Ruriko's naisentaiken

エルサルバドル内戦体験記

もう一つ未消化の問題


「プシュケー」と「ゾーエー」

このところ私が続けて読んでいる「今日のみことば」という冊子の10月17日の「み言葉」の解説を読んでいて、ちょっと発見したこと。それは和訳では「命」あるいは「魂」と訳される言葉は、原語では2つあるということだ。

みことばの箇所はルカ福音書12章13節~21節。遺産相続の調停を頼まれたイエスが、それを断わって、相手に言った言葉と、その相手の言った言葉の中に出てくる「命」について。同じ「命」でも、調停を頼んだ方の言葉は原語では「プシュケー」で、イエスがそれを断わって言った言葉は原語では「ゾーエー」。

「プシュケー」は、新共同訳聖書には、直訳されていないから指摘しにくいが、金持ちが自分の蓄えで守る「命」とか「魂(精神的な意味ではなく、人間を生かすもの:生命)」と言う意味だそうだ。

一方イエスのセリフの中にある、「有り余るほどの物を持っていても、人の命は財産によってどうすることもできない」の中の「命」の原文はプシュケーでなくゾーエーだそうだ。つまり、同じように「命」と和訳される言葉は、原文では別の二つの言葉であって、金持ちが蓄財で持って守ろうとする自分の「命」と、イエスが意味する「命」はこれも次元が違うものだという。

「次元が違う」と昨日から私がつぶやくのは、この世の秩序の中に生きている我々は、一つの言葉を聞いても、その言葉を自分の生きる世界の言葉として受け取り、「命」と言われれば、肉体的生命と受け取る事に慣れている。仮に「この世の命」「あの世の命」と言うふうに区別しても、「あの世」さえ「この世」の延長で、この世で夢見た享楽の世界があの世にあるみたいな夢を見る。

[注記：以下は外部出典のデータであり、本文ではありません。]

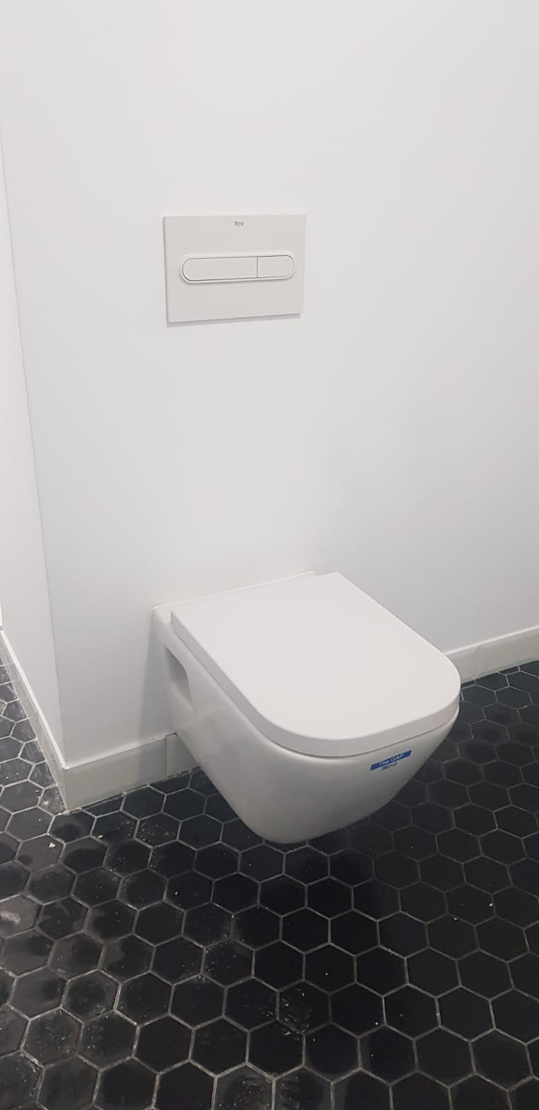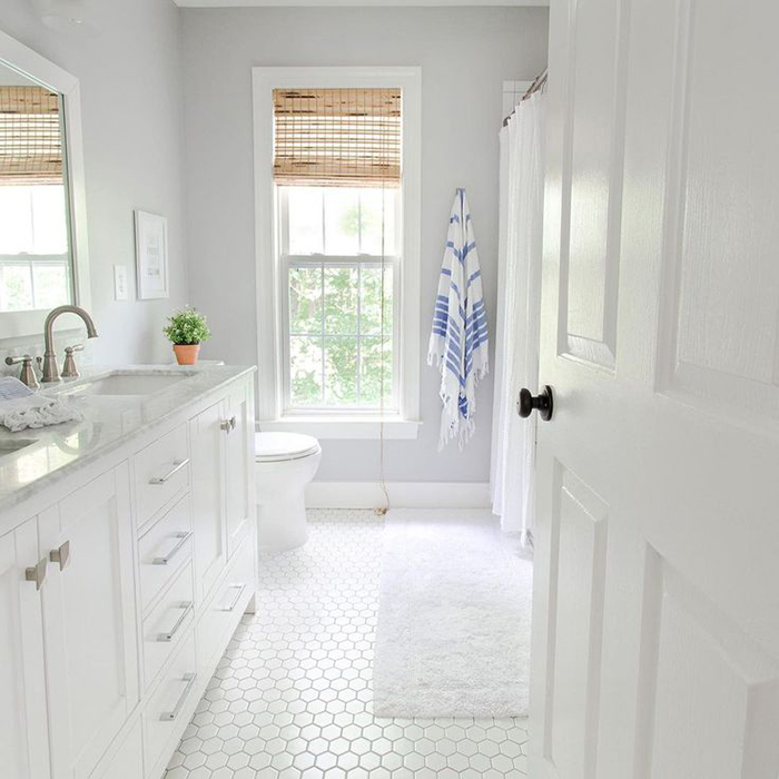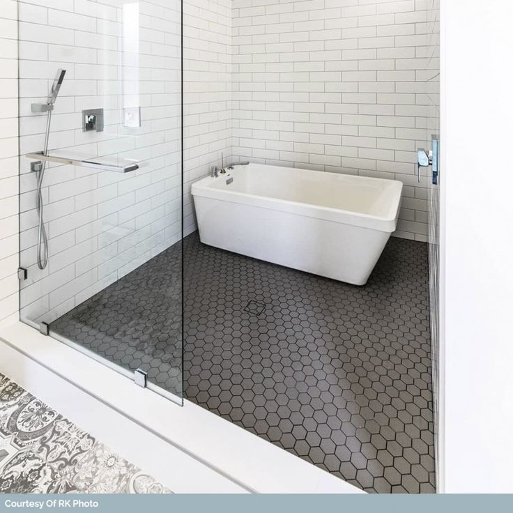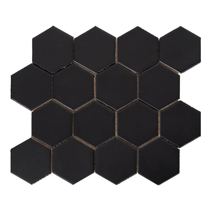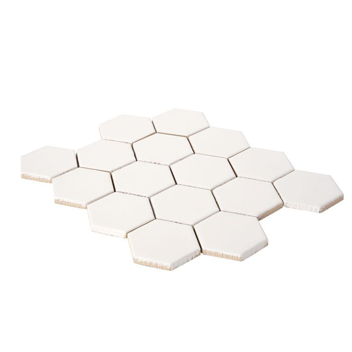 Es un pequeño azulejo hexagonal que se vende en mallas 28x32cm tipo mosaico, para facilitar y abaratar la colocación.

しかし、イエスは始めから、食物や財宝で保たれる命など問題にしていなかった。彼のいう「ゾーエー」は、たぶん、訳すことができないのだろう。「人間を真に生かす根本のもの」「人間存在のもと」「永遠そのもの」を、イエスは「ゾーエー」と言う言葉で意味していたのではないのか、今日の「今日のみことば」を私はそのように読んだ。